**Your instructions**: Locate "Ceruzo Bijzettafel - Banktafeltje" in the records below, then copy its line and every following line exactly, without the pictures.

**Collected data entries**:
'''

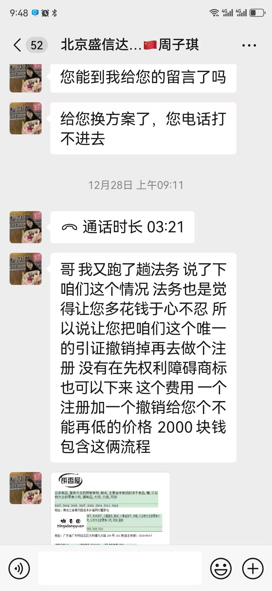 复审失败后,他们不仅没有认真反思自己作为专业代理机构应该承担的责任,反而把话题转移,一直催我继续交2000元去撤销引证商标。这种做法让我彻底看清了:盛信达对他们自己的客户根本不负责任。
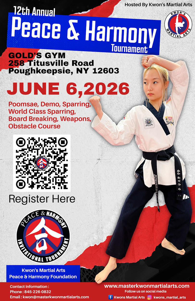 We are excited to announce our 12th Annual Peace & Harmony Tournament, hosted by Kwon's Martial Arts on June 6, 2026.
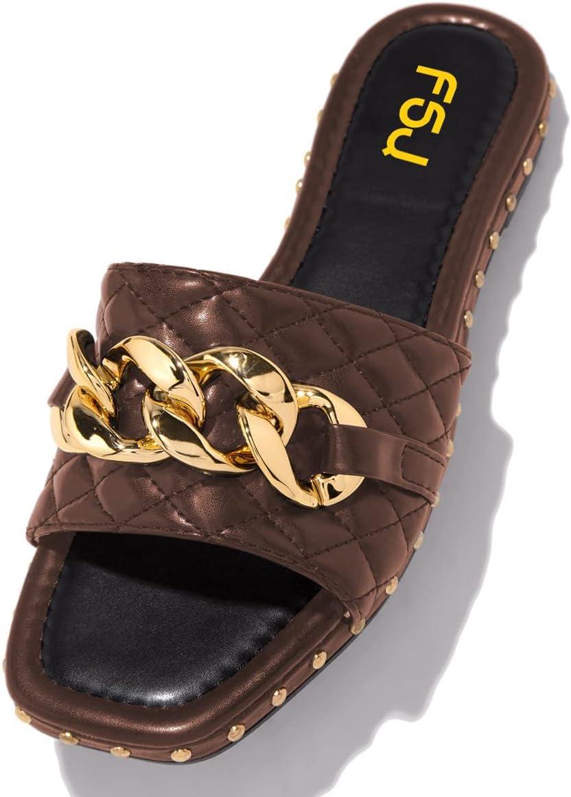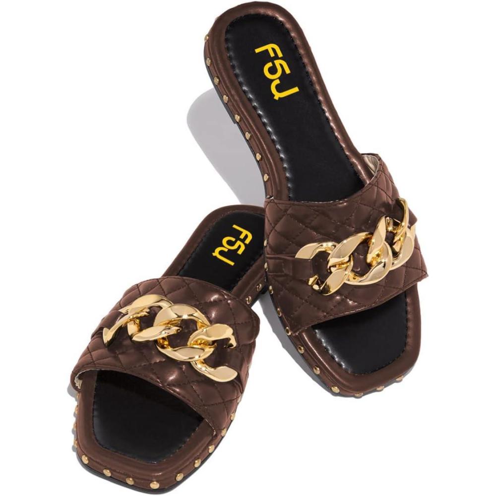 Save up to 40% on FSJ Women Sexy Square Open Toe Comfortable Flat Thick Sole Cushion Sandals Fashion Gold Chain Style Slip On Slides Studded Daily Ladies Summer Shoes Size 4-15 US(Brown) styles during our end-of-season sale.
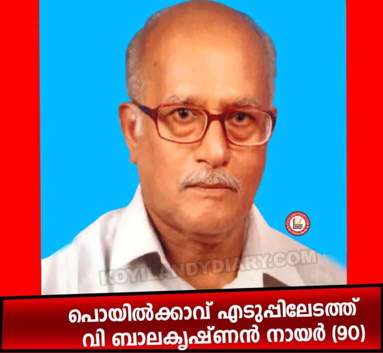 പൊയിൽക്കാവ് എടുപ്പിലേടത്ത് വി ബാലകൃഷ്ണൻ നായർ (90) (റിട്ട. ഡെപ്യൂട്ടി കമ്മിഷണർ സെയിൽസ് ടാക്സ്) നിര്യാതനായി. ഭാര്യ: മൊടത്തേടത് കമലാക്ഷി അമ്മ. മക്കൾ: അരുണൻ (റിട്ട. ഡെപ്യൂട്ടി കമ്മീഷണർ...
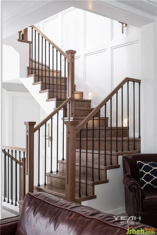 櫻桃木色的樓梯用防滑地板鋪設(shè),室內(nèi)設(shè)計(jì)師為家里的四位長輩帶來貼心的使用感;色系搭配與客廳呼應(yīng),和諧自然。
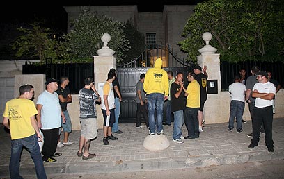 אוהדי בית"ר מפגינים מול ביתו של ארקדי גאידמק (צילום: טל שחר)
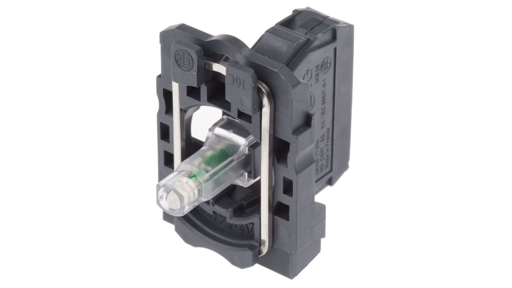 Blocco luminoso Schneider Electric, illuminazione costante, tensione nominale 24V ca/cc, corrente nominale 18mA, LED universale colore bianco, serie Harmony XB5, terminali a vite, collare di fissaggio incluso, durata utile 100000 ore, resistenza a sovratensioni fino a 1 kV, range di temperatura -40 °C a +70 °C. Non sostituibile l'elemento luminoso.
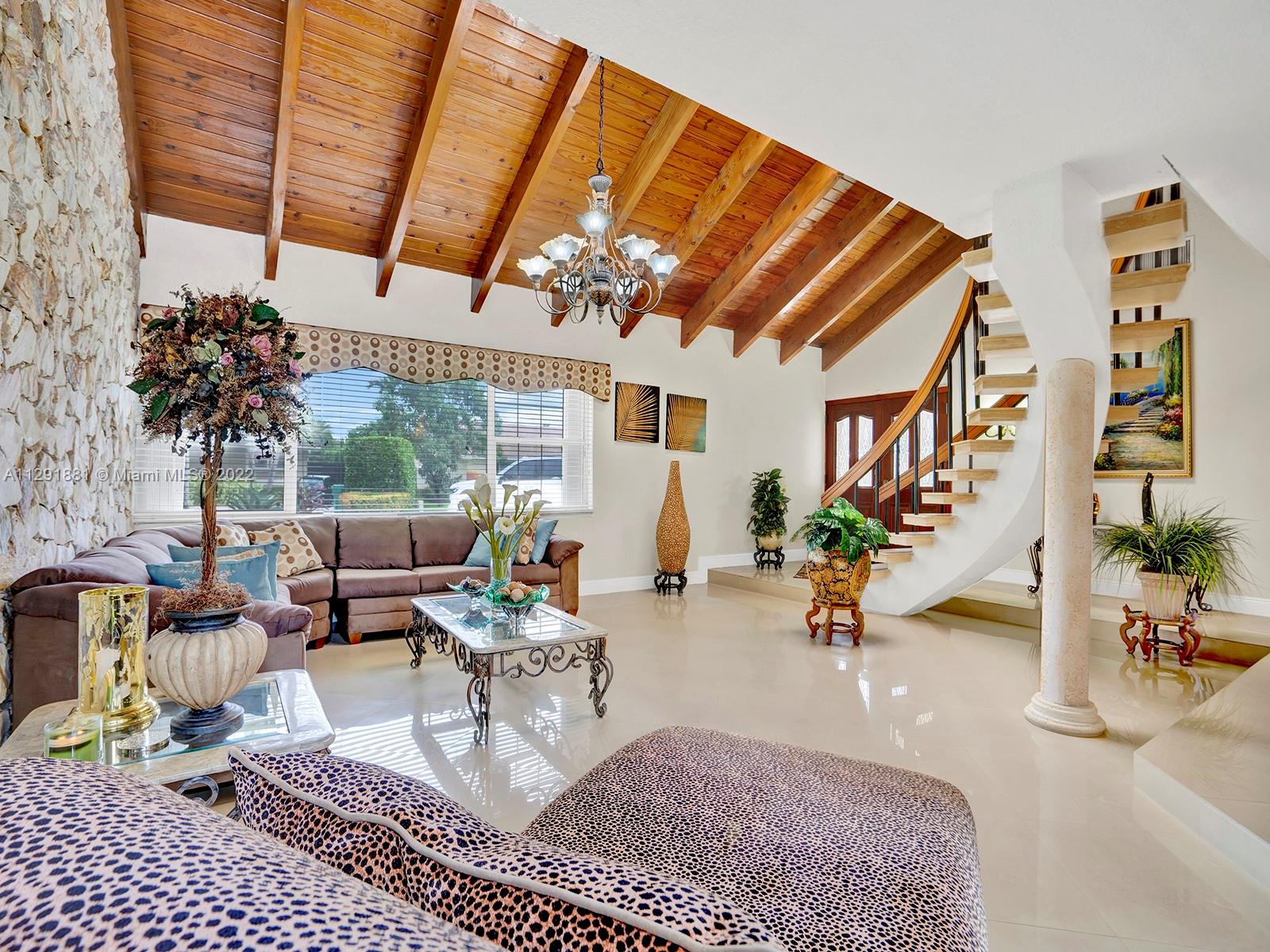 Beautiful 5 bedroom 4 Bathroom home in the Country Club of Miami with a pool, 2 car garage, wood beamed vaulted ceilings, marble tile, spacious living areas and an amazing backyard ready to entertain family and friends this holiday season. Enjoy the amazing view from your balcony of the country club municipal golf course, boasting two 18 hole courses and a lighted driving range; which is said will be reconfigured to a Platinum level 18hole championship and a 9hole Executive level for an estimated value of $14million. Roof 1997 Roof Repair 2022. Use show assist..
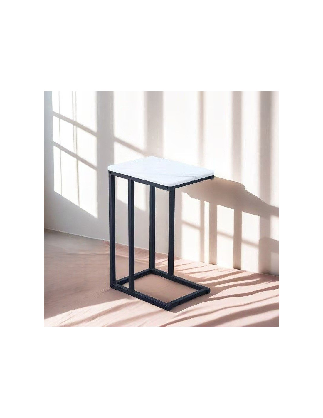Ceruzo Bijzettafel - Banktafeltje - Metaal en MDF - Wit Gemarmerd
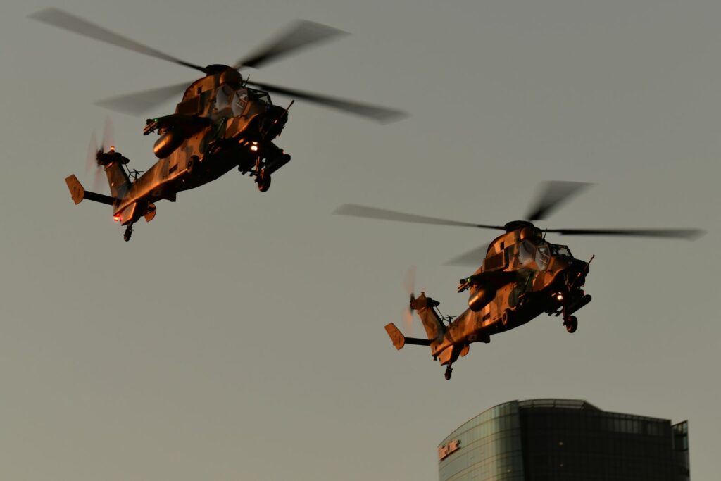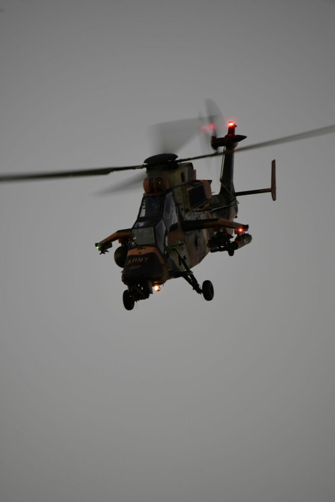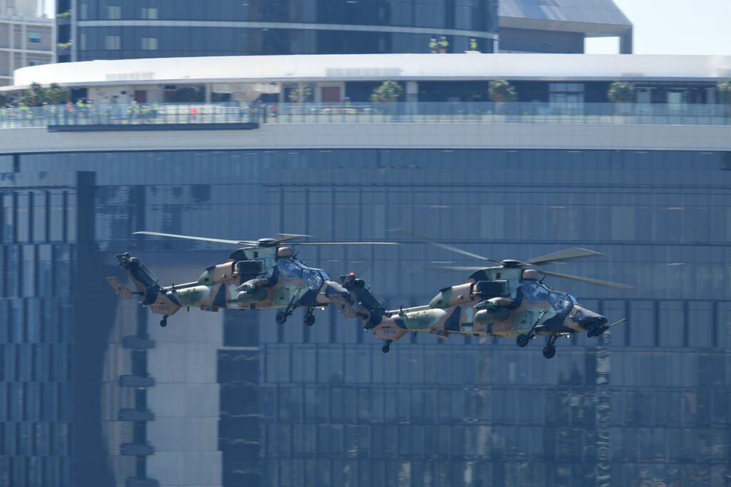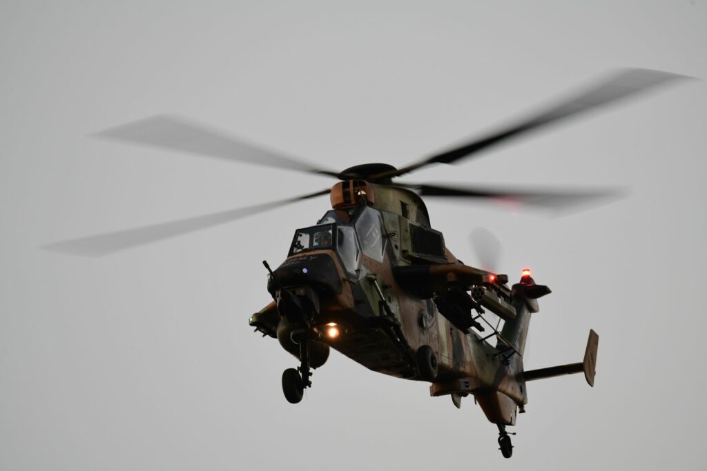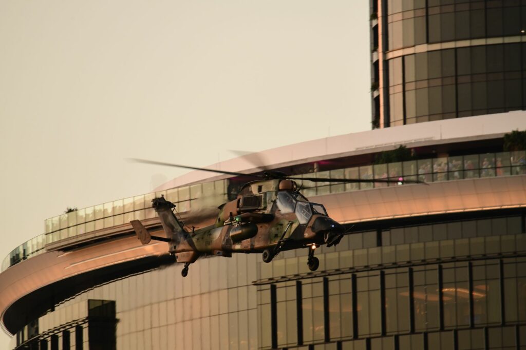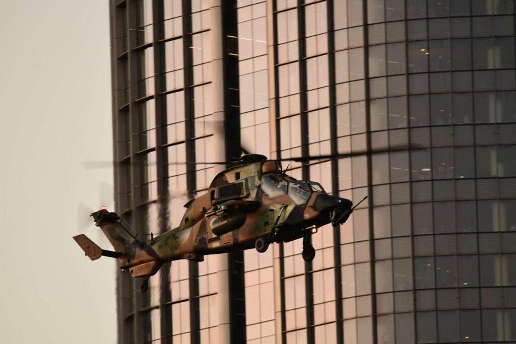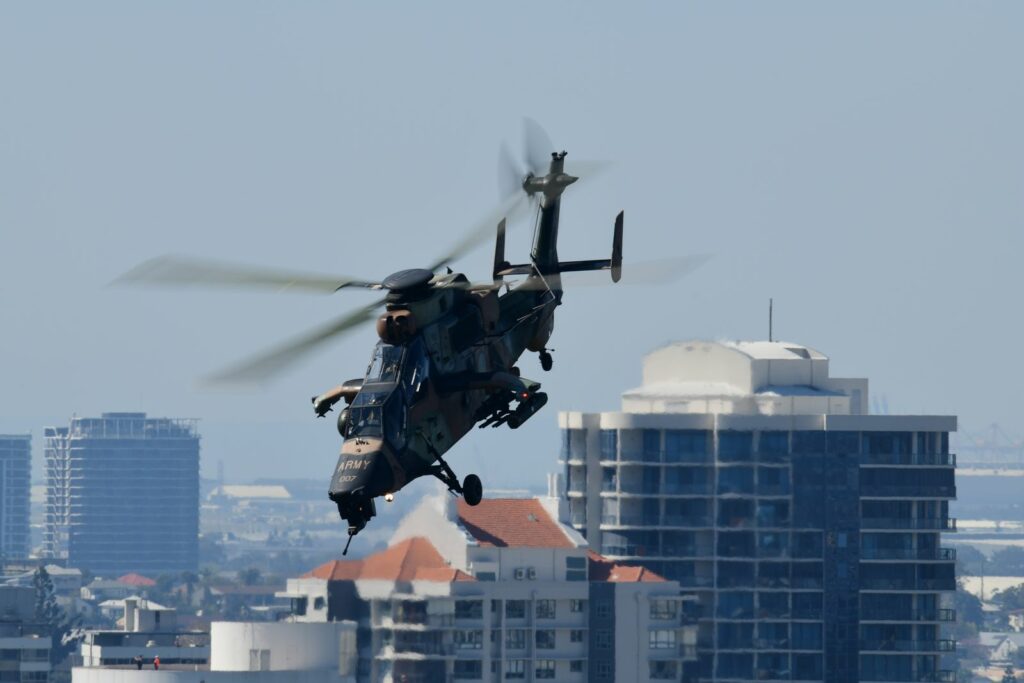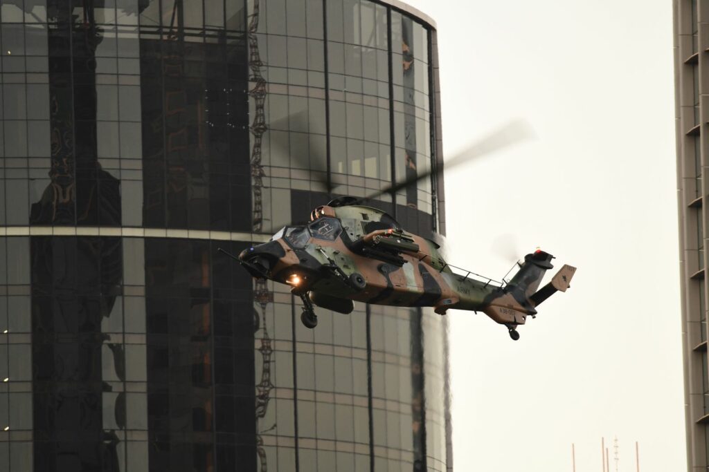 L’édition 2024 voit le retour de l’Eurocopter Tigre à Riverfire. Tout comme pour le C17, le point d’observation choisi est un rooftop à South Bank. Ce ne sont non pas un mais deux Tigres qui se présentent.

'''

**Answer below**:
Ceruzo Bijzettafel - Banktafeltje - Metaal en MDF - Wit Gemarmerd
 L’édition 2024 voit le retour de l’Eurocopter Tigre à Riverfire. Tout comme pour le C17, le point d’observation choisi est un rooftop à South Bank. Ce ne sont non pas un mais deux Tigres qui se présentent.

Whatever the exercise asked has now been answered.